東京探偵小町 第二十五話「厳しい罰」 <1>

   

「そんなに大きい、恐ろしい野犬だったんですか?」
「大きさじゃねェ、力がバケモンじみてやがった。ありゃア底なしだ。打ち込んでも打ち込んでも、いっかな倒れやしねェ」

小説版『東京探偵小町
第八部 ―彷徨編―

Illustration:Dite

 

 見慣れぬ天井に眉をひそめたのもつかの間、和豪はチッと舌打ちをして体を起こした。だが、完全に起き上がるより早く全身に痛みが走り、その口からうめき声がもれた。
「畜生…………」
 見れば、腕と言わず足と言わず、指先までが白い包帯に包まれている。そのところどころに血がにじんで乾き、赤黒いしみが広がっていた。
「…………せっ!」
 不意打ちであれば驚くものの、前もっての心構えがあれば、耐えきれないほどの痛みではない。和豪は小さく気合いを入れて起き上がると、まだ小鳥の囀りもない夜明け前の薄闇のなか、隣の寝台に目をやった。
 壁からカーテンから、すべてが白一色の室内には、三台の簡素な寝台が並んでいた。和豪の寝台は窓側にあり、中央に蒼馬、そしてどうやら廊下側には、時枝が眠っているようだった。和豪は昏々と眠り続ける二人を起こさないよう、物音ひとつ立てずに寝台から降りると、悔しそうに拳を固めた。
「おい、チビ師匠。

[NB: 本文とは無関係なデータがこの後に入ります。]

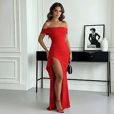 Elegantna večernja haljina – model sa spuštenim ramenima - Kroj: uska silueta koja prati liniju tela, duga dužina - Gornji deo: spuštena ramena (off-shoulder) sa glatkim, elastičnim pojasom oko de...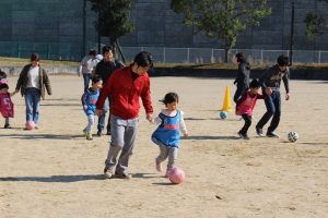 サッカー教室には、小学校6年生以下の子どもたちと保護者の30組が参加しました!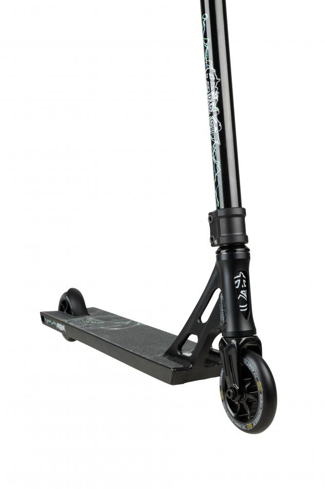 Hodnocení: Žádný mínus jsme nenašli, jediné co bychom vytkli jako drobnost je zářez, který mohl být trošičku menší, ale vidlice s HIC kompresním systémem je dostatečně vysoká, takže by to neměl být problém. Za nás, opravdu super streetová koloběžka za skvělou cenu! Obrovským plusem jsou rozhodně i Eagle kolečka, protože tato kolečka jsou jedny z nejkvalitnějších na trhu. Super jsou i gripy i backsweep! Za nás tedy rozhodně koloběžku doporučujeme!

これッくらいで、くたばるんじゃねェぞ」
 最大限の注意を払って蒼馬の寝顔を見守り、かすかながらも寝息が聞こえるのに安堵して、その頭をくしゃりと撫でる。無論それで蒼馬が目を覚ますはずもなく、額にびっしりと寝汗を浮かべたまま、身じろぎもせずに眠り続けていた。
 和豪はいかにも医院のものらしい、飾り気のない病衣の袖で蒼馬の寝汗を拭ってやると、意を決して廊下側の寝台前に移った。果たしてそこに身を横たえていたのは、彼が命を賭して守ると天に誓った、最愛の少女だった。
「大将…………」
 結い紐を失ってざんばらになった髪をやや乱暴にかきあげると、和豪は時枝の寝台の横にひざまずいた。眠っていても傷が痛むのだろう、安らかな寝顔とは言い難い。全身が熱を持って暑いのか、時枝もまた寝汗を浮かべ、きつく包帯の巻かれた痛々しい腕を、掛け布団の外に出していた。
 どれほど深い傷を負ったのか、時枝の包帯にも、点々と血がにじんでいる。時枝が怪我をしているのは、蒼馬を抱きかかえて階段を降りてくる姿を見た瞬間に気づいたのだが、なかば放り出すようにして野犬退治に向かったのだ。本当に放り出したわけではない、傷ついた時枝たちを同道していた柏田に委ねたのだが、「守ってやれなかった」という事実が和豪の心に重くのしかかっていた。
「こンな包帯だらけになっちまって……痛ェだろ。俺がもうちっと早く行ってりゃ……門の前でグズグズしてねェで、さっさとなかに入ってりゃア良かったンだ。そうすりゃ大将もチビ師匠も、こンなことにならずに済んだってのにな。済まねェ」
 時枝の用心棒を自負している和豪である、さまざまな事情はあれ、肝心なときについていてやれなったのは、怠慢以外の何物でもない。しかも、結果的には、野犬もアヴェルスも取り逃がしているのだ。それにも関わらず、こうして命があるのは。
「クソッ。犬ッコロ一匹も倒せねェようじゃ、とどめを刺す価値もねェってことかよ…………!」
 恐らくと言うより、まさしくそうなのだろう。
 時枝たちを襲った野犬を、アヴェルスは「魔犬」と呼んでいたが、そんなおとぎ話のようなものが実在するわけがない。確かに大きい、狼を思わせるほどの凶暴な犬ではあったが、熊のような巨体だったわけでもないのだ。となれば、やはり自分の技量が劣っていたと考えるしかなかった。